Samuel J. Dickerson

A classroom-based simulation-centric approach to microelectronics education

Introductory courses in microelectronic circuits are integral components to electrical and computer engineering undergraduate curriculums. The nature of the material is well‐suited for the incorporation of simulation tools to enhance student understanding of core concepts. SPICE is an electrical circuit simulation tool that has been widely adopted for industrial applications and education. In many instances, engineering instructors have used SPICE‐based simulation tools for homework problems, laboratory exercises, and course projects. Although generally accepted as beneficial to electronics education, the use of SPICE simulation tools is typically restricted to these types of assignments and not heavily used for classroom activity. In this paper, we present a novel method for incorporating SPICE simulation tools into the classroom. Specifically, in a summer 2017 microelectronics course, we used simulation tools for all aspects of the course, incorporating simulation into lecture, in‐class active learning, as well as assignments, and projects. To evaluate this approach, we carried out a rigorous, comprehensive study of this pedagogical approach on student learning, and perspectives using a variety of direct and indirect assessment methods. The results across all measures showed substantial benefits for students to using this methodology and positive responses to the active learning. Beyond microelectronics and other electrical and computer engineering courses, this approach can be applied to other STEM courses where complex systems are studied and simulation tools for these systems are readily accessible to students.

3D integrated circuits for lab-on-chip applications

We present the designs of two new lab-on-chip devices that use 3D integrated circuit technology to support the separation, purification, and assay of biological particles. Our technique is based on a nanoscale implementation of dielectrophoresis. The key feature of our designs is the use of fabrication features found in 3D technology to create on-chip, nanoscale electrode arrays. The capabilities of our designs are demonstrated with multi-physics simulations of the chips sorting heterogeneous mixtures of HSV-1 capsids.

Efficient optical communications using multibit differential signaling

We present an alternative signaling method for multi-channel fiber ribbon based optical links. The method is based on a hybrid of differential signaling and single-ended channels. Channels are grouped into code blocks of n-bits. Each code word transmitted in the block is restricted to conform to an n choose m rule. Electrical drivers steer current between m active VCSELS with no dummy loads. A virtual reference is synthesized from the received signals and used for differential discrimination. This signaling method approaches the signal-to-noise characteristics of fully differential signaling but can be implemented with significantly lower channel overhead, giving as much as a 33% reduction in fiber count and a 44% reduction in power. Further, code utilization rates on these links can be as low as 51%, leaving substantial code space available for ECC or channel management functions. In this paper, we describe the signaling method and present a prototype transceiver chip. The transceiver is implemented in 0.25um UTSi Silicon-on-Sapphire technology with flip-chip bonded VCSEL and photodetector arrays. The design demonstrates a pin-compatible alternative to the POP4-MSA transceiver standard with 125% greater data throughput and 25% better power efficiency.

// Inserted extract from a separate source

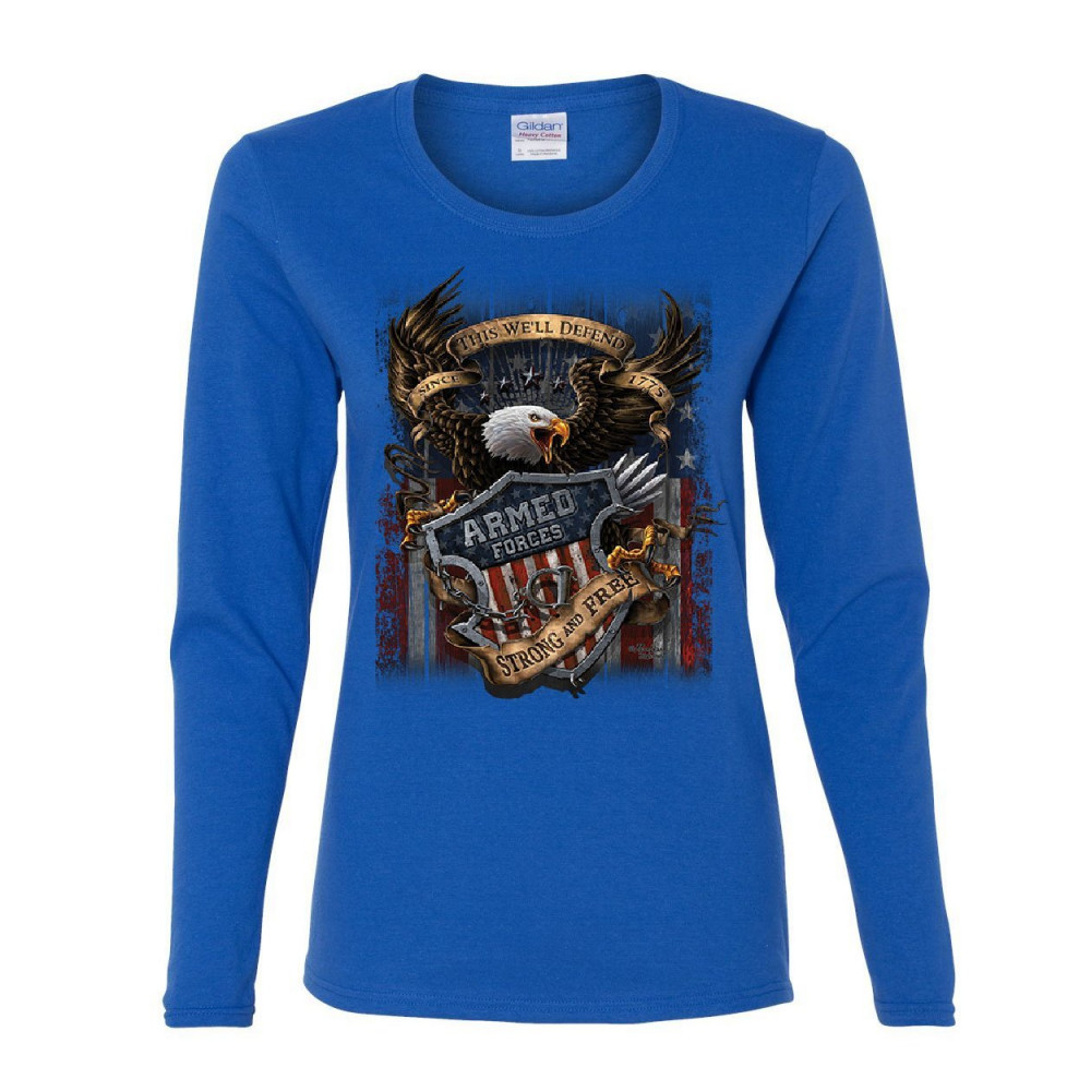 ARMED FORCES BALD EAGLE women's long sleeve tee army this we'll defend us flag royal blue

Detecting spatial defects in colored patterns using self-oscillating gels

With the growing demand for wearable computers, there is a need for material systems that can perform computational tasks without relying on external electrical power. Using theory and simulation, we design a material system that “computes” by integrating the inherent behavior of self-oscillating gels undergoing the Belousov–Zhabotinsky (BZ) reaction and piezoelectric (PZ) plates. These “BZ-PZ” units are connected electrically to form a coupled oscillator network, which displays specific modes of synchronization. We exploit this attribute in employing multiple BZ-PZ networks to perform pattern matching on complex multi-dimensional data, such as colored images. By decomposing a colored image into sets of binary vectors, we use each BZ-PZ network, or “channel,” to store distinct information about the color and the shape of the image and perform the pattern matching operation. Our simulation results indicate that the multi-channel BZ-PZ device can detect subtle differences between the input and stored patterns, such as the color variation of one pixel or a small change in the shape of an object. To demonstrate a practical application, we utilize our system to process a colored Quick Response code and show its potential in cryptography and steganography.With the growing demand for wearable computers, there is a need for material systems that can perform computational tasks without relying on external electrical power. Using theory and simulation, we design a material system that “computes” by integrating the inherent behavior of self-oscillating gels undergoing the Belousov–Zhabotinsky (BZ) reaction and piezoelectric (PZ) plates. These “BZ-PZ” units are connected electrically to form a coupled oscillator network, which displays specific modes of synchronization. We exploit this attribute in employing multiple BZ-PZ networks to perform pattern matching on complex multi-dimensional data, such as colored images. By decomposing a colored image into sets of binary vectors, we use each BZ-PZ network, or “channel,” to store distinct information about the color and the shape of the image and perform the pattern matching operation. Our simulation results indicate that the multi-channel BZ-PZ device can detect subtle differences between the input and stored patter...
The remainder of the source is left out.